• WHAT IS NEEDED: Leaving out every picture, please repeat exactly the line that contains "obr.2 Bojovníci kmene Dinka – jižní Súdán" and each line after it through the final line below.

• RECORDS PROVIDED:

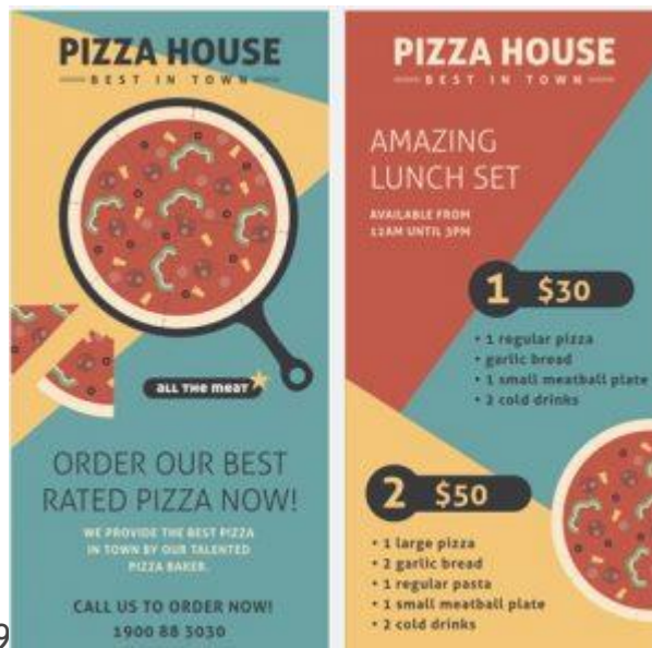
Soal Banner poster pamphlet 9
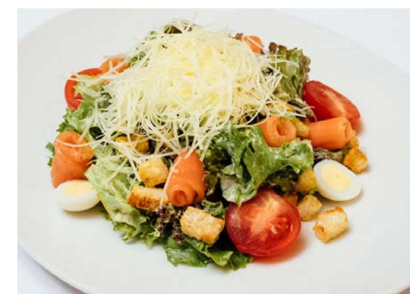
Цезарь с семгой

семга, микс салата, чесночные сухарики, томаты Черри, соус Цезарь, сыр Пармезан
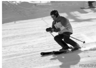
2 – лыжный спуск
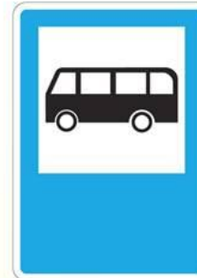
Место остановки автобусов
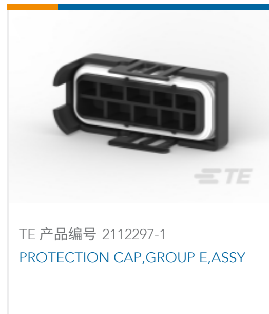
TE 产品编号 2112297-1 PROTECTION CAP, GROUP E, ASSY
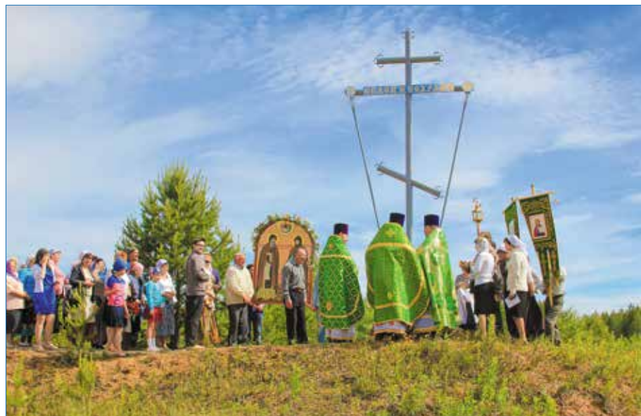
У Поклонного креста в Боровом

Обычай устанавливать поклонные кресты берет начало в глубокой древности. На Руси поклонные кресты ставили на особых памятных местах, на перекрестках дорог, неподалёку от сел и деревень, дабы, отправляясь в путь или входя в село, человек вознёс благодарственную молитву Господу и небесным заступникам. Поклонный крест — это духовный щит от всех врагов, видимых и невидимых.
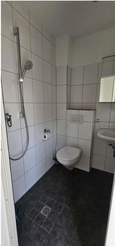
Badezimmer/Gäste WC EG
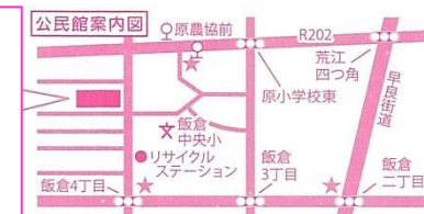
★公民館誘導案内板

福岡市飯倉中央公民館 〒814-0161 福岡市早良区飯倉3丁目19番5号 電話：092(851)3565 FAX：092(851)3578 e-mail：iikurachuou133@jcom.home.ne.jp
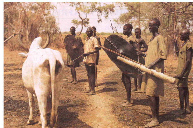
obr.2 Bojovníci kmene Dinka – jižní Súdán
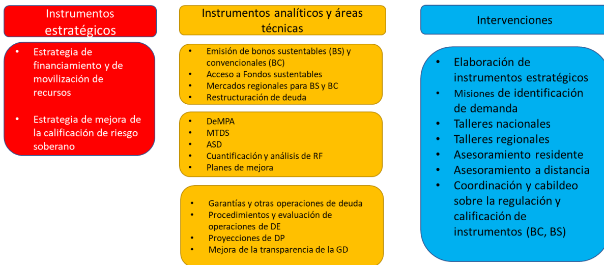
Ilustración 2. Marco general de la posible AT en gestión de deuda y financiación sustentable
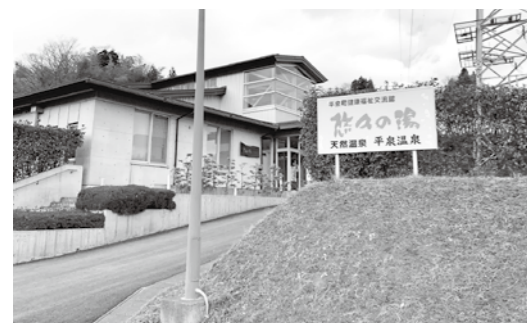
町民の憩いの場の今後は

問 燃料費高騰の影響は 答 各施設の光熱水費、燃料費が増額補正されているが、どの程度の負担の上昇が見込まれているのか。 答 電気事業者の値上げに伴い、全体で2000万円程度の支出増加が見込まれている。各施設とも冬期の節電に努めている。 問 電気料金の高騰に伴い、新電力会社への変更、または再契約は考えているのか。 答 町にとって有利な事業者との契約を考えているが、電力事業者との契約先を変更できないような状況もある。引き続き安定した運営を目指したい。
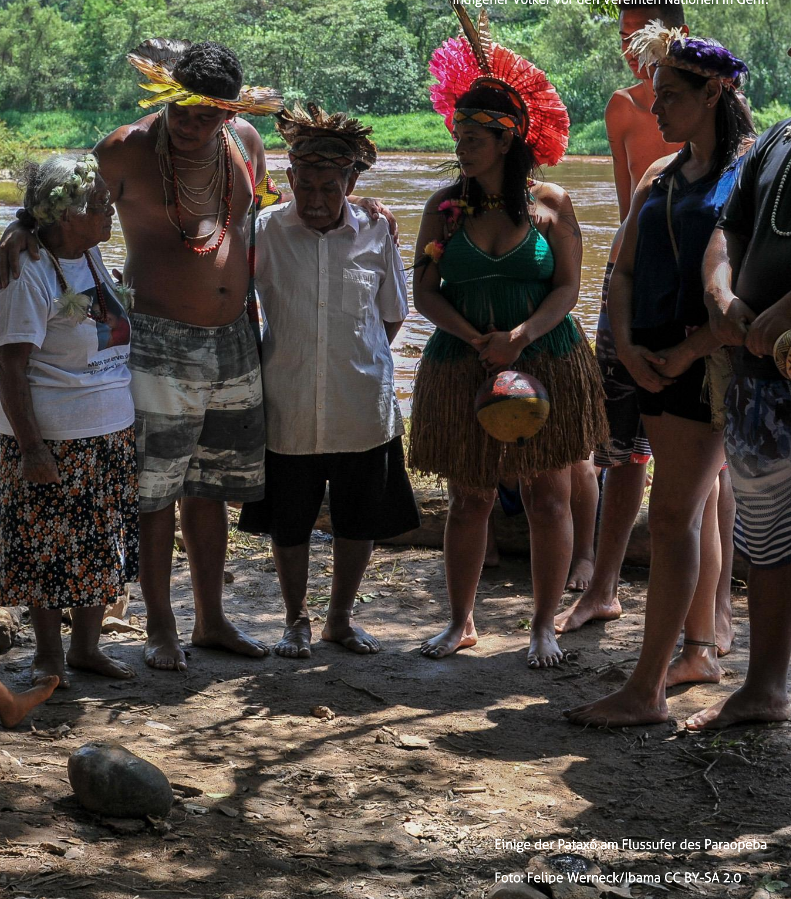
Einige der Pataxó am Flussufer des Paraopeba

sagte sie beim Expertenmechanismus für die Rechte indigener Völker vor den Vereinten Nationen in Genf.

• RESPONSE AREA:
obr.2 Bojovníci kmene Dinka – jižní Súdán
Ilustración 2. Marco general de la posible AT en gestión de deuda y financiación sustentable
町民の憩いの場の今後は

問 燃料費高騰の影響は 答 各施設の光熱水費、燃料費が増額補正されているが、どの程度の負担の上昇が見込まれているのか。 答 電気事業者の値上げに伴い、全体で2000万円程度の支出増加が見込まれている。各施設とも冬期の節電に努めている。 問 電気料金の高騰に伴い、新電力会社への変更、または再契約は考えているのか。 答 町にとって有利な事業者との契約を考えているが、電力事業者との契約先を変更できないような状況もある。引き続き安定した運営を目指したい。
Einige der Pataxó am Flussufer des Paraopeba

sagte sie beim Expertenmechanismus für die Rechte indigener Völker vor den Vereinten Nationen in Genf.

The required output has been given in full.